In a week that's featured so many rentals that were mediocre at best and borderline unwatchable at worst - The Ganzfeld Possession, Amphibious, Bloody Homecoming, Creep Van, The Rig, 13 Eerie - the idea that a film from the Syfy Channel and The Asylum isn't the worst film of the batch is by itself enough to shake one's faith in consensus reality. Sure, occasionally they can throw up the occasional insanity like their take on Sherlock Holmes, but most of the time they're pumping out stupid mockbusters with Microsoft Paint-level effects work and/or wannabe cult trash featuring CGI sharks in increasingly unlikely situations. (A reboot of the Astaire and Rogers musicals of the 1930s featuring two hammerheads is surely only months away.) But the idea that they can actually make something that's not only hands down the best film of the week, but is a perfectly watchable and enjoyable horror movie, is the kind of life-altering perspective-changer that makes absolutely no sense at all. It's like Al Adamson winning Best Picture.

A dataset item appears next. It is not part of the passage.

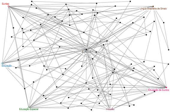 Para a construção da rede social com as palavras chaves contidas nos artigos realizamos algumas aproximações que consideramos oportunas. Palavras como “alunos surdos”, “aluno surdo”, “surdo” e “surdos”, que estão fazendo referência ao sujeito aprendente surdo foram substituídas por surdos, e assim fizemos com outras palavras, como “Libras” e “Língua Brasileira de Sinais”, optamos por utilizar a Língua Brasileira de Sinais. No entanto, para língua de sinais e língua brasileira de sinais, acreditamos que não é possível essa aglutinação, pois existem várias línguas de sinais onde a língua de sinais brasileira é apenas uma delas, dessa forma, para saber se o valor semântico é o mesmo, teríamos que ler na integra todos os artigos que possuíam essas palavras como uma das palavras-chave.

Incredibly, Zombie Night is a solid, entertaining entry in the overcrowded cinema of the undead which stays serious throughout and doens't bother with easy laughs or silliness. It doesn't do much devastatingly new - for no given reason the dead come back to life and crawl out of their graves and start biting people, and a handful of the living try and avoid being zombified - but it does it with enough grue to earn an 18 certificate, and is helped by a solid cast of 1980s stars (Anthony Michael Hall, Daryl Hannah, Alan Ruck) and occasional nods to Lucio Fulci, City Of The Living Dead in particular.

John Gulager clearly knows what he's doing with a horror B-movie, even if the Feast sequels and Piranha 3DD weren't very good. Still, it's actually nice to find a disposable zombie movie that isn't much interested in being anything more than a disposable zombie movie. The zombs don't represent anything political or social, it's not an allegory for Cuba or the rich/poor divide or Facebook; they're just flesh-eating ghouls. Taken as a collaboration between The Asylum and the Syfy Channel, it's a shocking revelation (which also shows how utterly terrible they are most of the time). Taken on the level of an unpretentious and unironic gory zombie film, it's nowhere near a masterpiece but it's certainly worth the rental outlay.